He was born in Rutherglen near Glasgow on 11 February 1877, the son of John Fleming Writer to the Signet and his wife, Isabella Wark Pinkerton.

He was educated at Glasgow High School, the University of Edinburgh and University of Glasgow, and graduated MA in 1895, LLB in 1896.

He was called to the Scottish Bar in 1902. He was on active service with the Cameronians (he had originally been commissioned into the volunteer battalion of the Highland Light Infantry) during World War I, for which he was awarded the Military Cross and the Belgian Croix de Guerre.
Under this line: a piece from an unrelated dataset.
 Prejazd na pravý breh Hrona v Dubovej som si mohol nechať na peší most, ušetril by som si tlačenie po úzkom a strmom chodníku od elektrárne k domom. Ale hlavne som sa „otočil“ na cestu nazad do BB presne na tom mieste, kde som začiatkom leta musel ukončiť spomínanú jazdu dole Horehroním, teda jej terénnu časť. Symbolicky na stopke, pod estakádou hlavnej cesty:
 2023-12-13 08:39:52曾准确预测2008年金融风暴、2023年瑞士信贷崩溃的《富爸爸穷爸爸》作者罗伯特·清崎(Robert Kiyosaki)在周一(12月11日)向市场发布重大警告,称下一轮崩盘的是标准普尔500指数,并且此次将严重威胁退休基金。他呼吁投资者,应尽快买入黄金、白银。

He took silk in October 1921.

He served as Solicitor General for Scotland from 1922 to 1923 and from 1924 to 1926, and was Unionist Member of Parliament for Dunbartonshire from 1924 to 1926.

He was appointed to the Court of Session bench on 19 December 1925, with the judicial title Lord Fleming. He replaced Lord Cullen, who had retired. He was appointed an Honorary Bencher of Middle Temple in 1940.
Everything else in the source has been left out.